**DATA EXCERPT:**
*** Block opens ***

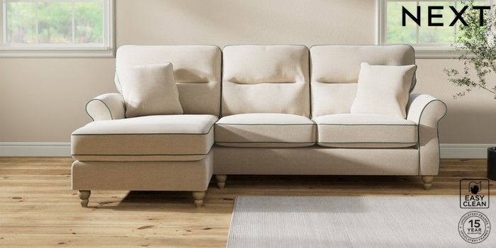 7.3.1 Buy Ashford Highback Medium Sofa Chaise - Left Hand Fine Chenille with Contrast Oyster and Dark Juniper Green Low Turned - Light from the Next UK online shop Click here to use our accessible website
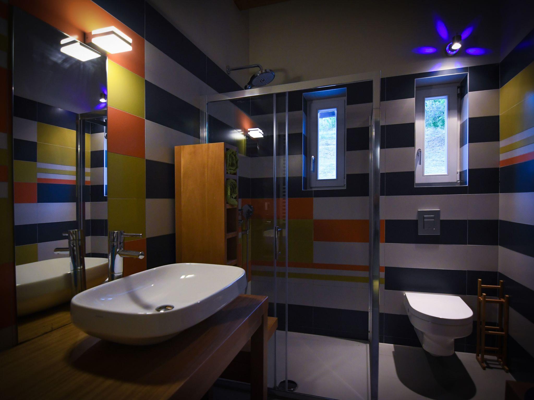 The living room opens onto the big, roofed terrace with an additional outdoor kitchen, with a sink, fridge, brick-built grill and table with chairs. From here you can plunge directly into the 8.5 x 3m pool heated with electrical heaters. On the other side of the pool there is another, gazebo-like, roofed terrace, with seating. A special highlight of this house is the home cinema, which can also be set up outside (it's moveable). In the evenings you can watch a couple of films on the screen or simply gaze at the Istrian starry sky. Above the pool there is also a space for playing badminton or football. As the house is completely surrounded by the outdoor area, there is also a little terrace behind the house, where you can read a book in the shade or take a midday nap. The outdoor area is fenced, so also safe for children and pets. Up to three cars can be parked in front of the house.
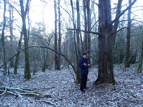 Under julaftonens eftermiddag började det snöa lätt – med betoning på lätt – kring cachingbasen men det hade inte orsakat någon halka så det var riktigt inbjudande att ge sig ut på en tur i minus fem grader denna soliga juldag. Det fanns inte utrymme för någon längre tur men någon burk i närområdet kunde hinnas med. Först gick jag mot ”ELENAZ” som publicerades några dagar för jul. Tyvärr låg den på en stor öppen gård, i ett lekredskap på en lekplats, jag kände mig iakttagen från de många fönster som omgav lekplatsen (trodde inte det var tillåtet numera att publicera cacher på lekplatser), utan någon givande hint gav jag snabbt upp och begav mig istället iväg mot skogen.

*** Block closes ***

**TRY IT:** The answer must be the data above, repeated exactly, with no pictures.

**EXERCISE OUTPUT:**
 7.3.1 Buy Ashford Highback Medium Sofa Chaise - Left Hand Fine Chenille with Contrast Oyster and Dark Juniper Green Low Turned - Light from the Next UK online shop Click here to use our accessible website
 The living room opens onto the big, roofed terrace with an additional outdoor kitchen, with a sink, fridge, brick-built grill and table with chairs. From here you can plunge directly into the 8.5 x 3m pool heated with electrical heaters. On the other side of the pool there is another, gazebo-like, roofed terrace, with seating. A special highlight of this house is the home cinema, which can also be set up outside (it's moveable). In the evenings you can watch a couple of films on the screen or simply gaze at the Istrian starry sky. Above the pool there is also a space for playing badminton or football. As the house is completely surrounded by the outdoor area, there is also a little terrace behind the house, where you can read a book in the shade or take a midday nap. The outdoor area is fenced, so also safe for children and pets. Up to three cars can be parked in front of the house.
 Under julaftonens eftermiddag började det snöa lätt – med betoning på lätt – kring cachingbasen men det hade inte orsakat någon halka så det var riktigt inbjudande att ge sig ut på en tur i minus fem grader denna soliga juldag. Det fanns inte utrymme för någon längre tur men någon burk i närområdet kunde hinnas med. Först gick jag mot ”ELENAZ” som publicerades några dagar för jul. Tyvärr låg den på en stor öppen gård, i ett lekredskap på en lekplats, jag kände mig iakttagen från de många fönster som omgav lekplatsen (trodde inte det var tillåtet numera att publicera cacher på lekplatser), utan någon givande hint gav jag snabbt upp och begav mig istället iväg mot skogen.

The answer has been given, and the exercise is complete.